Segment Open

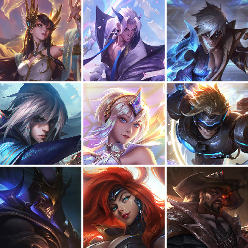 【重要皮肤】剪纸仙灵卡西奥佩娅至臻 T1杰斯至臻 北极星钢影卡蜜尔至臻 魔女阿卡丽至臻 DRX亚托克斯至臻 至高天奎桑提至臻 魅惑女巫莫甘娜至臻 战斗学院蕾欧娜至臻 魔女乐芙兰至臻 星之守护者索拉卡至臻 灵能特工伊泽瑞尔至臻 源计划逆流塞拉斯至臻 王国机神玄武盖伦至臻 黑夜使者凯隐至臻 神龙尊者均衡之龙沃利贝尔至臻 征服者贾克斯至臻 飞升战神潘森至臻 KDA二代卡莎至臻 KDA一代卡莎至臻 KDA阿狸至臻 烈焰美人薇恩至臻 烈焰美人薇恩2022至臻 绒毛菲兹至臻 玉剑传说武剑仙至臻 玉剑传说武剑仙2022至臻 腥红之月亚托克斯至臻 未来战士锤石至臻 未来战士锤石2022至臻 水晶巫灵泽拉斯 灰烬骑士派克 海克斯科技雷克顿 海克斯科技斯维因 海克斯科技吉格斯 新卧虎藏龙贾克斯 水晶掠夺者卡兹克 黎明使者卡尔玛 零之枪骑赫卡里姆 摄魂使者薇恩 新创战纪希维尔 胜利剑圣易 胜利女神娑娜 胜利之王泰达米尔 胜利巨口克格莫 创星之灵璐璐 电玩女神厄运小姐 电玩勇者锐雯 电玩女神阿狸 星之守护者伊泽瑞尔 玉剑传说无影 玉剑传说舞剑仙 玉剑传说神机花火 玉剑传说翼剑仙 天龙之子斯莫德 剪纸仙灵艾瑞莉娅 替父从军花木兰 春晖神女拉克丝 你看见过我的熊猫吗安妮 北辰之威内瑟斯 南天之怒沃里克 美猴王孙悟空 定海神珍孙悟空 紫金罗刹莫甘娜 司马懿仲达 纳财大帝塔姆 王国机神青龙德莱文 王国机神朱雀蕾欧娜 王国机神苍狼瑟提 王国机神白虎贾克斯 胜利机器人布里茨 幽梦玫瑰伊莉丝 甜心之翎洛 觅心女王艾希 觅心之翼奎因 觅心猫猫悠米 觅心猎手薇恩 寒冬精灵璐璐 冬季仙境奥莉安娜 冰雪风暴希维尔 持胡萝卜的雪人易 狂心冰王图奇 冰封王子蒙多 魄罗骑士瑟庄妮 夺命美人卡特琳娜 平安夜女神娑娜 圣诞糖果棒厄运小姐 魅惑女巫崔丝塔娜 大魔王提莫 克烈古拉伯爵 泳池派对普朗克 泳池派对嘉文四世 泳池派对厄运小姐 泳池派对李青 泳池派对蕾欧娜 泳池派对雷克顿 御星魔矢艾希 制胜金球拉莫斯 EDG厄斐琉斯 FPX薇恩 iG乐芙兰 SKTT1扎克 SKTT1辛德拉 SKTT1奥拉夫 SKTT1阿利斯塔 SKTT1瑞兹 SKTT1伊莉丝 SKTT1雷克顿 SSW图奇 SSW辛吉德 SKTT1贾克斯 SKTT1薇恩 暗杀星蒙多 暗杀星努努和威朗普 暗杀星慎 Fnatic迦娜 Fnatic库奇 Fnatic古拉加斯 Fnatic嘉文四世 冰雪节辛吉德 防暴士兵格雷福斯 防暴士兵辛吉德 防暴天使凯尔 冠军典狱长锤石 冠军掠夺者卡兹克 冠军蔷薇乐芙兰 冠军之刃锐雯2016 冠军之血希瓦娜 冠军之隐劫 鬼影森森茂凯 红桃杰克崔斯特 胡桃夹子萨科 惊悚派对费德提克 警用试作体K9内瑟斯 密林猎手提莫 破空枪骑孙悟空 圣诞精灵崔丝塔娜 圣诞开心鬼提莫 圣诞狂欢基兰 圣诞狂欢努努和威朗普 圣诞玩偶波比 圣诞驯鹿克格莫 外星装甲库奇 卧虎藏龙贾克斯 无头骑士赫卡里姆 幸福女神乐芙兰 雪默丁格 野兽猎人德莱文 野兽猎人泰达米尔 英勇玩具兵普朗克 永恒之森乐芙兰 勇者阿狸 勇者奈德丽 征服者阿利斯塔 征服者韦鲁斯 暗影沃里克 冠军之箭艾希 魅惑女巫菲奥娜 2021全球总决赛嘉文四世 波比的巧克力工坊 都铎王朝图奇 十五周年纪念希维尔 十周年纪念安妮 源代码乐芙兰 神凰行者瑞羽圣凰艾尼维亚 大元素使拉克丝 未来战士伊泽瑞尔 武装战姬厄运小姐
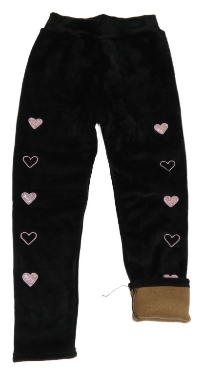 Čierne plyšové zateplené legíny so srdiečkami
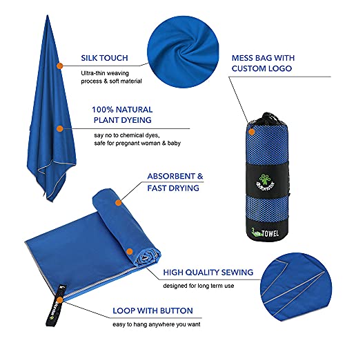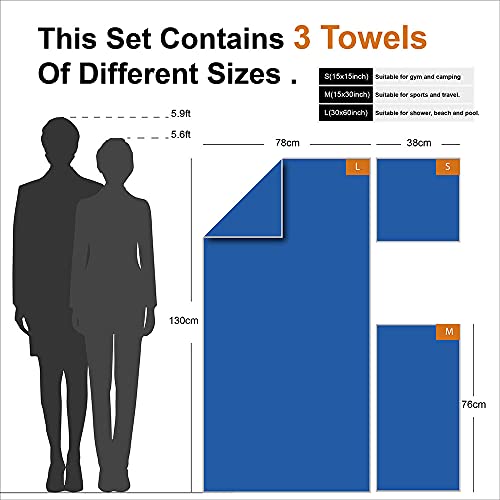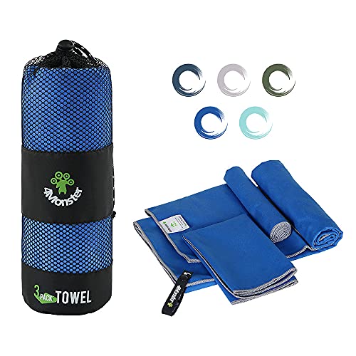 4Monster Asciugamani da palestra in microfibra di 3 dimensioni, ad asciugatura rapida, ultra leggeri, super assorbenti, da spiaggia, campeggio, palestra, spiaggia, nuoto, escursionismo (blu puro)

Segment Closed

YOUR GOAL -
The expected answer consists solely of the lines from the one with "Čierne plyšové zateplené" through the last line of the listing above, restated exactly, minus any pictures.

ANSWER TO THE PROBLEM -
 Čierne plyšové zateplené legíny so srdiečkami
 4Monster Asciugamani da palestra in microfibra di 3 dimensioni, ad asciugatura rapida, ultra leggeri, super assorbenti, da spiaggia, campeggio, palestra, spiaggia, nuoto, escursionismo (blu puro)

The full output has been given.